▶ **PROVIDED MATERIAL**:

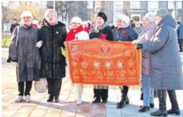
Не стареют душой комсомольцы!
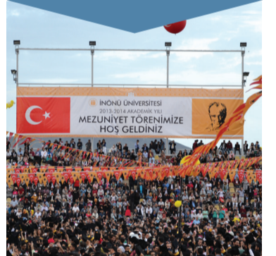
MEZUNİYET ÇOŞKUSU S,6

İnönü Üniversitesi 2013-2014 eğitim-öğretim yılı mezuniyet töreni 6 Haziran Cuma günü İnönü Üniversitesi Stadyumu'nda gerçekleşti. 6 bin öğrencinin mezun olduğu tören öğrencilerin, ailelerin ve öğretim elemanlarının yoğun katılımına sahne oldu.
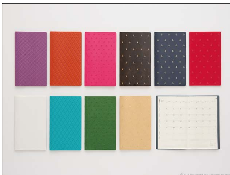
ビジネスシーンに彩りを添える華やかなラインアップ

▶ **WHAT THIS TASK INVOLVES**: Could the listing above be printed again in full, with every picture omitted?

▶ **WORKED SOLUTION**:
Не стареют душой комсомольцы!
MEZUNİYET ÇOŞKUSU S,6

İnönü Üniversitesi 2013-2014 eğitim-öğretim yılı mezuniyet töreni 6 Haziran Cuma günü İnönü Üniversitesi Stadyumu'nda gerçekleşti. 6 bin öğrencinin mezun olduğu tören öğrencilerin, ailelerin ve öğretim elemanlarının yoğun katılımına sahne oldu.
ビジネスシーンに彩りを添える華やかなラインアップ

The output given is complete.